The story I have to tell is of a lovely little girl,
with sunny hair and laughing eyes, traveling with
her parents, evidently people of wealth and refinement,
upon a Mississippi steamboat. There is an explosion,
one of those terrible catastrophes which leave the
imprint of an unsettled mind upon the survivors.
Hundreds of mangled remains are sent into eternity.
When the wreck is cleared away this sweet little
girl is found among the panic stricken survivors in
the midst of a scene of horror enough to turn the
steadiest brain. Her parents have disappeared.
Search even for their bodies is in vain. The
bewildered, stricken child who can say what
changes the fearful event wrought in her tender brain clings
to the first person who shows her sympathy.
It is Mrs. Hawkins, this good lady who is still her
loving friend. Laura is adopted into the Hawkins
family. Perhaps she forgets in time that she
is not their child. She is an orphan.
No, gentlemen, I will not deceive you, she is not an
orphan. Worse than that. There comes another
day of agony. She knows that her father lives.
Who is he, where is he? Alas, I cannot tell
you. Through the scenes of this painful history
he flits here and there a lunatic! If he, seeks
his daughter, it is the purposeless search of a lunatic,
as one who wanders bereft of reason, crying where
is my child? Laura seeks her father. In
vain just as she is about to find him, again and again-he
disappears, he is gone, he vanishes.
“But this is only the prologue
to the tragedy. Bear with me while I relate
it. (Mr. Braham takes out a handkerchief, unfolds
it slowly; crashes it in his nervous hand, and throws
it on the table). Laura grew up in her humble
southern home, a beautiful creature, the joy, of the
house, the pride of the neighborhood, the loveliest
flower in all the sunny south. She might yet
have been happy; she was happy. But the destroyer
came into this paradise. He plucked the sweetest
bud that grew there, and having enjoyed its odor,
trampled it in the mire beneath his feet. George
Selby, the deceased, a handsome, accomplished Confederate
Colonel, was this human fiend. He deceived her
with a mock marriage; after some months he brutally,
abandoned her, and spurned her as if she were a contemptible
thing; all the time he had a wife in New Orleans.
Laura was crushed. For weeks, as I shall show
you by the testimony of her adopted mother and brother,
she hovered over death in delirium. Gentlemen,
did she ever emerge from this delirium? I shall
show you that when she recovered her health, her mind
was changed, she was not what she had been.
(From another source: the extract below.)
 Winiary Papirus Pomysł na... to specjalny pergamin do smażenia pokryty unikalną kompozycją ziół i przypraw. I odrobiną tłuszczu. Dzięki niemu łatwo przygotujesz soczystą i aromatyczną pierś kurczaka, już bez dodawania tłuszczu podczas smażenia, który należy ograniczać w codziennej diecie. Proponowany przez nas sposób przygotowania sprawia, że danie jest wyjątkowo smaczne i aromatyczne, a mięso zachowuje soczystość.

You can judge yourselves whether the tottering reason
ever recovered its throne.
“Years pass. She is in
Washington, apparently the happy favorite of a brilliant
society. Her family have become enormously rich
by one of those sudden turns, in fortune that the
inhabitants of America are familiar with the
discovery of immense mineral wealth in some wild lands
owned by them. She is engaged in a vast philanthropic
scheme for the benefit of the poor, by, the use of
this wealth. But, alas, even here and now, the
same, relentless fate pursued her. The villain
Selby appears again upon the scene, as if on purpose
to complete the ruin of her life. He appeared
to taunt her with her dishonor, he threatened exposure
if she did not become again the mistress of his passion.
Gentlemen, do you wonder if this woman, thus pursued,
lost her reason, was beside herself with fear, and
that her wrongs preyed upon her mind until she was
no longer responsible for her acts? I turn away
my head as one who would not willingly look even upon
the just vengeance of Heaven. (Mr. Braham paused
as if overcome by his emotions. Mrs. Hawkins
and Washington were in tears, as were many of the
spectators also. The jury looked scared.)
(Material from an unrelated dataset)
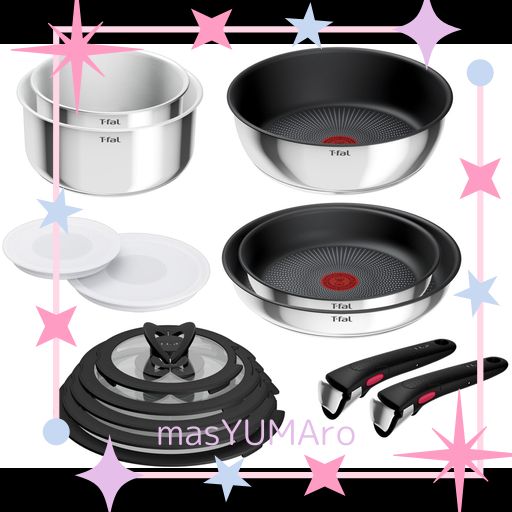 ■【オンライン限定】 ティファール 取っ手のとれる 鍋 フライパンセット 充実の14点セット IH ガス火対応 専用取っ手2本付き PFOAなどの有

“Gentlemen, in this condition
of affairs it needed but a spark I do not
say a suggestion, I do not say a hint from
this butterfly Brierly; this rejected rival, to cause
the explosion. I make no charges, but if this
woman was in her right mind when she fled from Washington
and reached this city in company with Brierly,
then I do not know what insanity is.”
When Mr. Braham sat down, he felt
that he had the jury with him. A burst of applause
followed, which the officer promptly, suppressed.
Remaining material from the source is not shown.